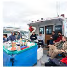
All-staff overnight trip!...
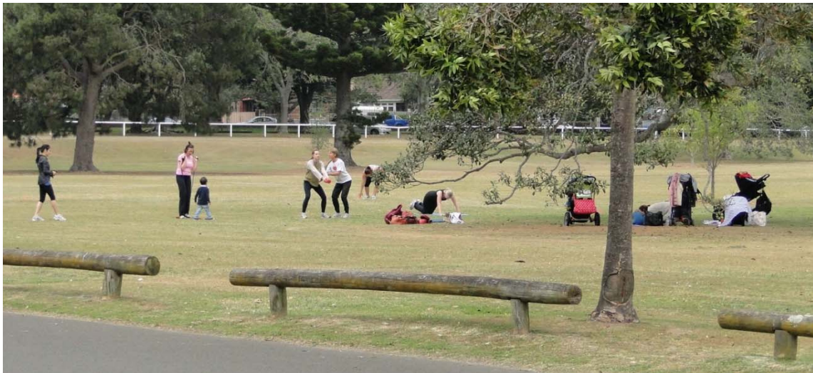
Figure 3. Sydney, Centennial Park. Mothers’ exercise group

to home – which are issues of a more organizational nature, not connected with the spatial aspects of physical activity. An example of well-organized activities in public spaces can again be found in Australia, where the so-called “mothers’ groups” – local groups of women from the same community or neighbourhood, mothers of babies and toddlers – meet for joint exercises (Figure 3). Activities are held in public parks, information can be found on the internet. Trees and the surrounding silence create favourable conditions for sleeping and playing children, while their mothers exercise together and take turns looking after them.
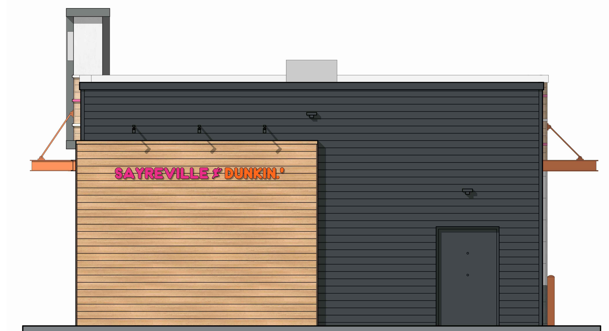
2 SOUTH ELEVATION NTS NOTE:
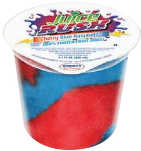
JUICE RUSH® CUPS
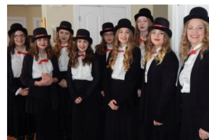
Delivering Singing Valentines!
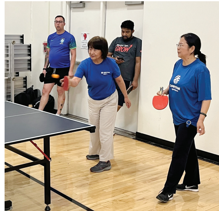
Corteva Agriscience employees in action.

In 2021, Corteva launched an internal version of the games called the Heart of Nature Games
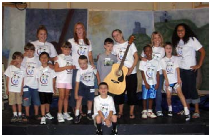
Kids and volunteers interact at the summer camp filled with exciting activities.
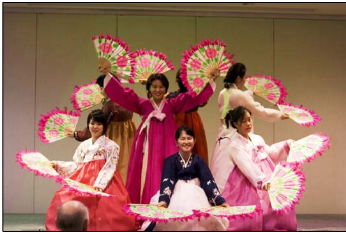
Korean Music performance during Global Temple Live! Concert featuring Temple Women's Ensemble

To help mark International Education Week, Temple University held its second annual Global Temple Conference on November 13, 2007. The all-day event celebrated the many international dimensions of Temple's students, faculty and staff in a variety of presentation formats. Ten of Temple's schools and colleges from five of its campuses were represented in the program as well as individuals who had participated on Temple's various international programs including India and Mexico.
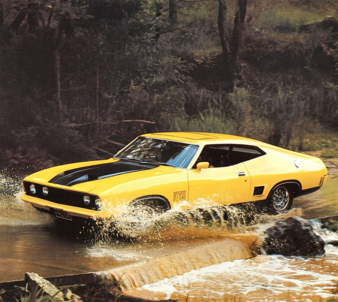
Illustrated above: Falcon GT Hardtop with optional sliding sunroof (available at extra cost).
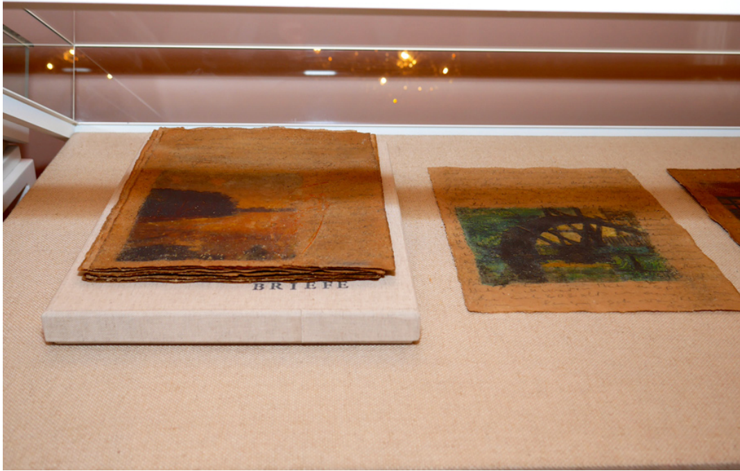
Briefe , portfolio of 15 drawings in box, mixed media, Xerox Transfer and sand on paper, each 9 3/4 x 13 inches, 2016
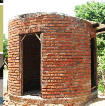
Another compost four chambered drop toilet almost ready ... not pretty but so important !!!!
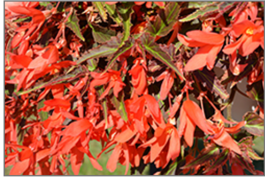
Bossa Nova Night Fever Papaya Begonia flowers
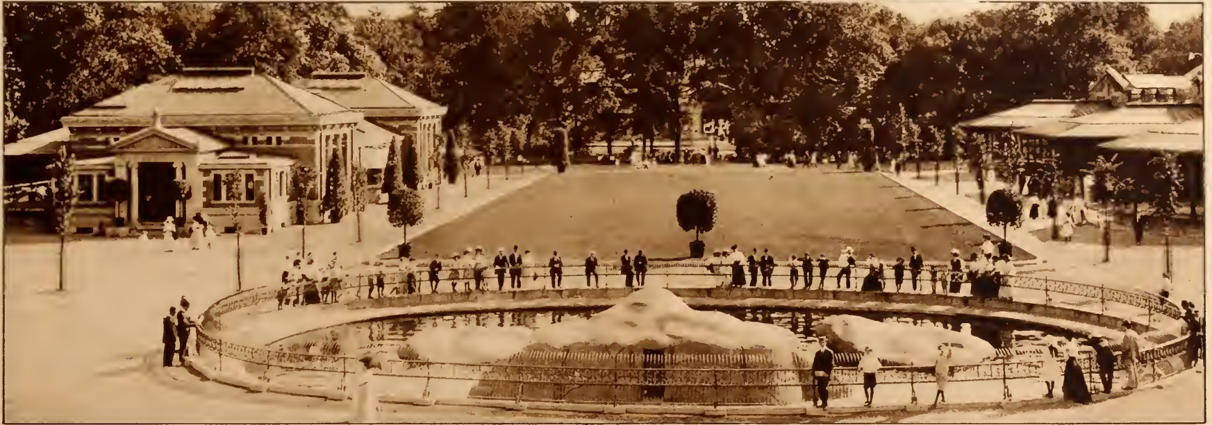
HOME OF THE SEALS, in New York Zoological Garden.
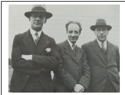
The heroes of Penyberth - Lewis Valentine, Saunders Lewis and DJ Williams

The story of the burning of the Bombing School in the early hours of 8 September 1936 has been told in detail - and been the subject of poetry and song.
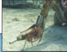
MOUNTED BREAKER ON BACKHOE
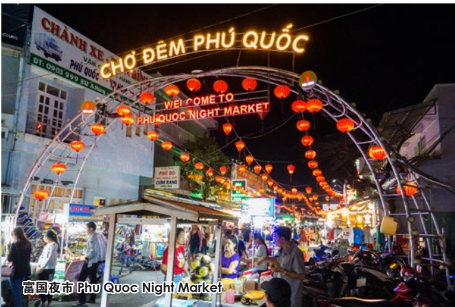
富国夜市 Phu Quoc Night Market

World's longest sea-crossing cable car 7.899,9m in length that officially opening in February 2018, connect An Thoi Town with Hon Thom Island, you soar over a turquoise sea and coral reefs, hopping between islands, with an amazing bird's-eye view. Take the Phu Quoc panorama photo & visit Hon Thom Nature Park.
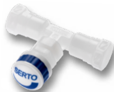
Regulating valve with female thread SO NV 22A00
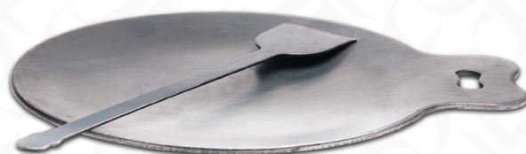
Heavy weight Iron Tawa
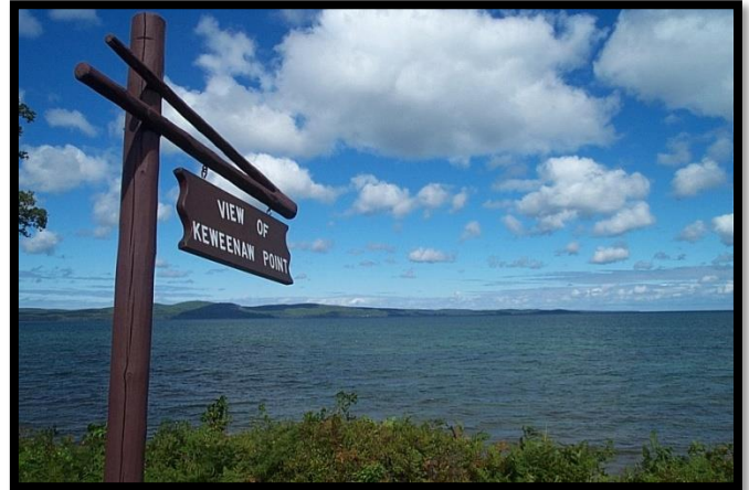
Typical Keweenaw County Road Commission Sign

Other signage is typical of Michigan roadways, including traffic signage, Scenic Michigan signs, and business signage. The zoning ordinance regulates signage within Keweenaw County, the only exception being the state trunk line routes that are governed by the Michigan Department of Transportation. Signs are regulated based on the land use in a district, and billboards are not permitted under the existing Keweenaw County Zoning Ordinance.
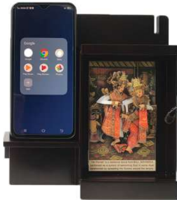
S12 : 225 x 215 x 75 mm
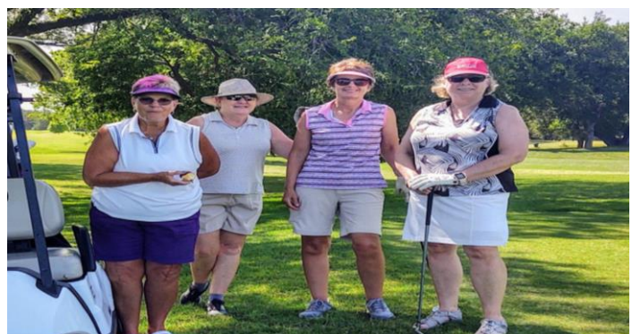
Pics from Sim Tournament
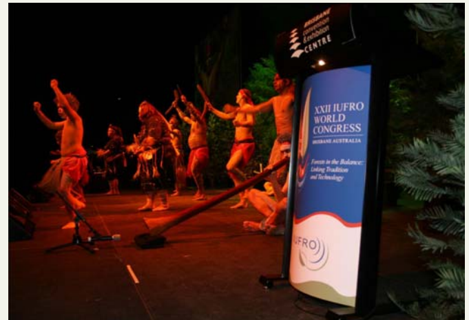
Yuggera Aboriginal Dance Troupe at the Opening Ceremony

The XXII IUFRO Congress has brought together some 2100 delegates from 90 countries, who enjoyed this excellent opportunity of presenting their research activities in about 700 oral and another 700 poster presentations. The Congress served as an ideal platform for the cross-disciplinary exchange of information and experience in forest-related sciences.
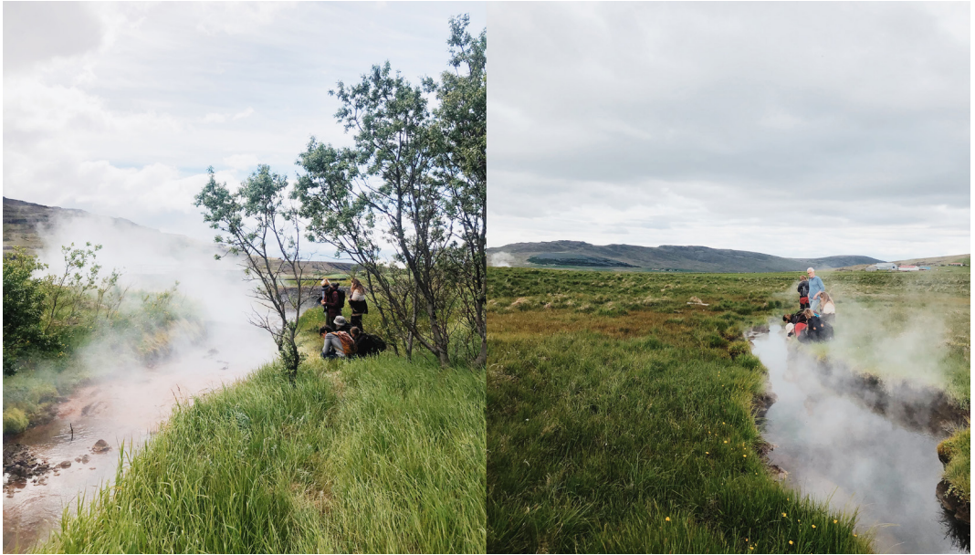
Fig. 3. Hot spring sites K (Kleppjárnreykjum) and H (Hurðarbak), respectively from left to right.

Kuva 3. Kuumat lähteet K (Kleppjárnreykjum) ja H (Hurðarbak) vasemmalta oikealle.
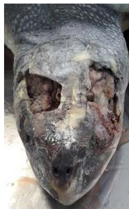
Figure 3 - Fracture in the skull of the turtle.
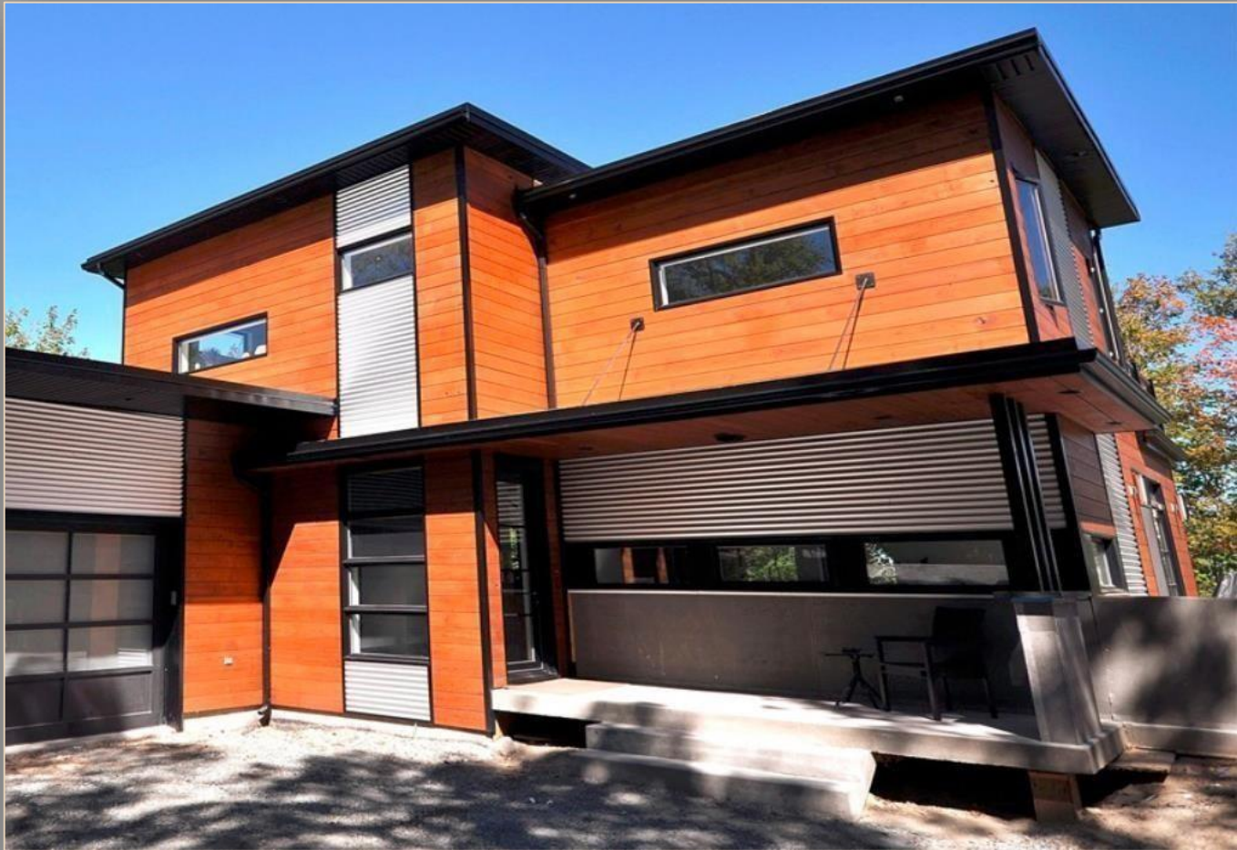
Private residence, Quebec Canada Thermo-treated Pine
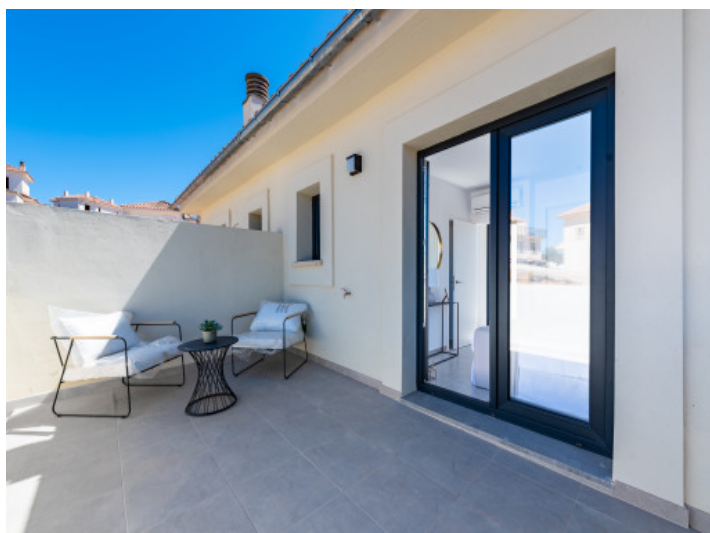
Terrace on the upper floor
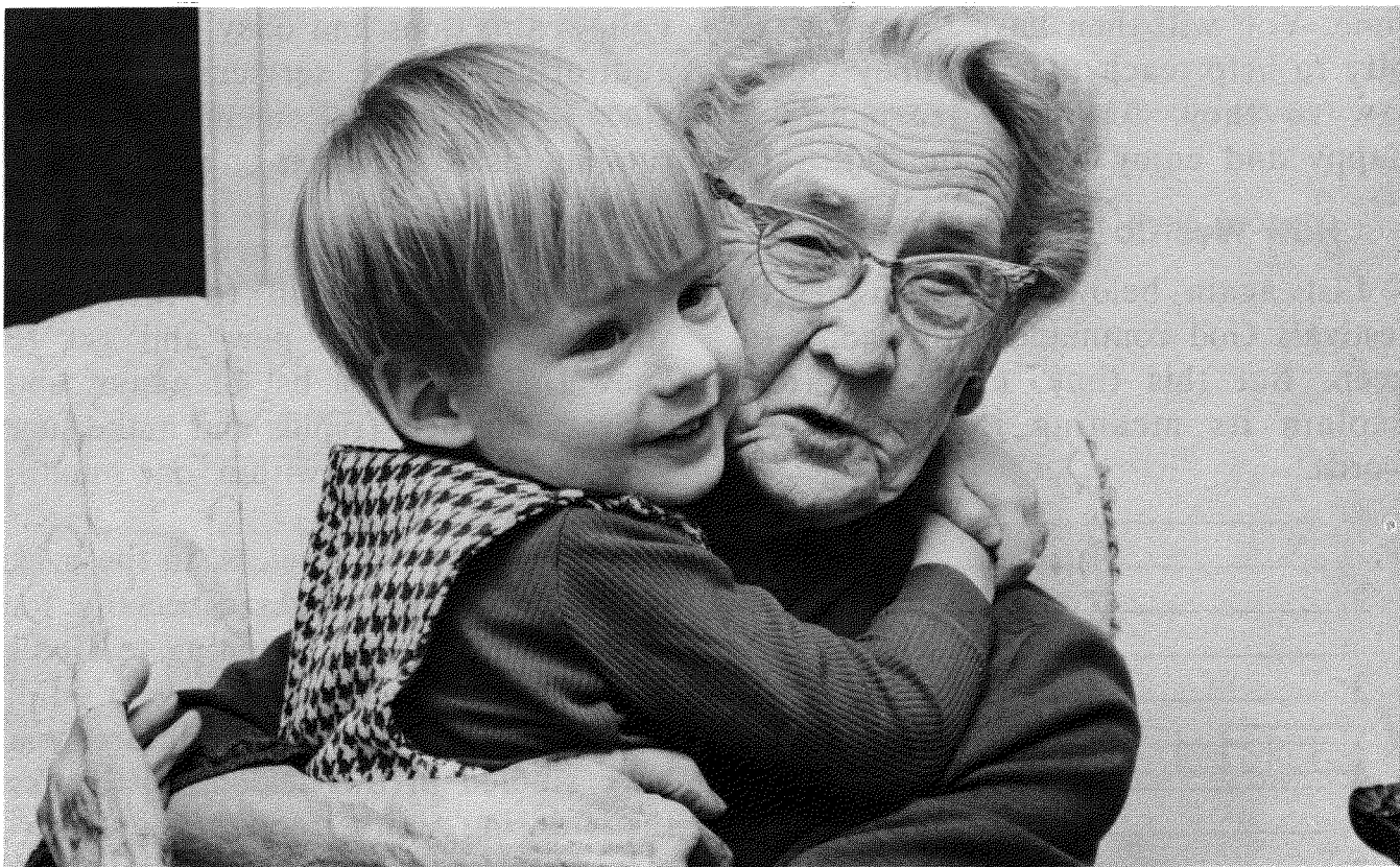
American Stock Photos

After the Millennium, you will be able to help show God's way of life to those who have never known God's truth. You might even be teaching some of your own relatives!
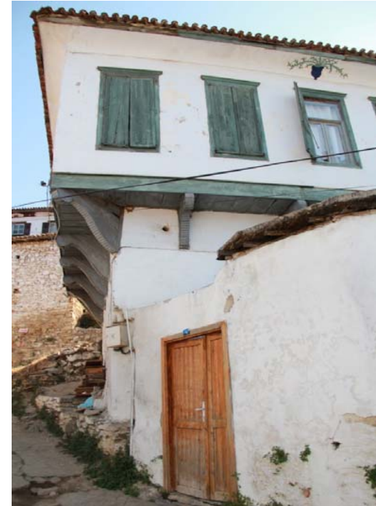
Figure 12: Entrance from the Garden Enclosed by a Wall which from the Street

Some of these houses have open spaces mostly like front garden are enclosed by walls which from the street (Figure 12). However, some of them are entered directly from the street (Figure 13). These gardens are mostly located between the street and the main façade of the house and the house is usually entered from these front gardens (Figure 14).
● ● ● ● ● ● ●
Exercise: An exact copy is needed of the entries above, starting at the line that holds "Illustrated above: Falcon" and stopping at the line that holds "The XXII IUFRO", both kept; pictures stay out.

Completed task:
Illustrated above: Falcon GT Hardtop with optional sliding sunroof (available at extra cost).
Briefe , portfolio of 15 drawings in box, mixed media, Xerox Transfer and sand on paper, each 9 3/4 x 13 inches, 2016
Another compost four chambered drop toilet almost ready ... not pretty but so important !!!!
Bossa Nova Night Fever Papaya Begonia flowers
HOME OF THE SEALS, in New York Zoological Garden.
The heroes of Penyberth - Lewis Valentine, Saunders Lewis and DJ Williams

The story of the burning of the Bombing School in the early hours of 8 September 1936 has been told in detail - and been the subject of poetry and song.
MOUNTED BREAKER ON BACKHOE
富国夜市 Phu Quoc Night Market

World's longest sea-crossing cable car 7.899,9m in length that officially opening in February 2018, connect An Thoi Town with Hon Thom Island, you soar over a turquoise sea and coral reefs, hopping between islands, with an amazing bird's-eye view. Take the Phu Quoc panorama photo & visit Hon Thom Nature Park.
Regulating valve with female thread SO NV 22A00
Heavy weight Iron Tawa
Typical Keweenaw County Road Commission Sign

Other signage is typical of Michigan roadways, including traffic signage, Scenic Michigan signs, and business signage. The zoning ordinance regulates signage within Keweenaw County, the only exception being the state trunk line routes that are governed by the Michigan Department of Transportation. Signs are regulated based on the land use in a district, and billboards are not permitted under the existing Keweenaw County Zoning Ordinance.
S12 : 225 x 215 x 75 mm
Pics from Sim Tournament
Yuggera Aboriginal Dance Troupe at the Opening Ceremony

The XXII IUFRO Congress has brought together some 2100 delegates from 90 countries, who enjoyed this excellent opportunity of presenting their research activities in about 700 oral and another 700 poster presentations. The Congress served as an ideal platform for the cross-disciplinary exchange of information and experience in forest-related sciences.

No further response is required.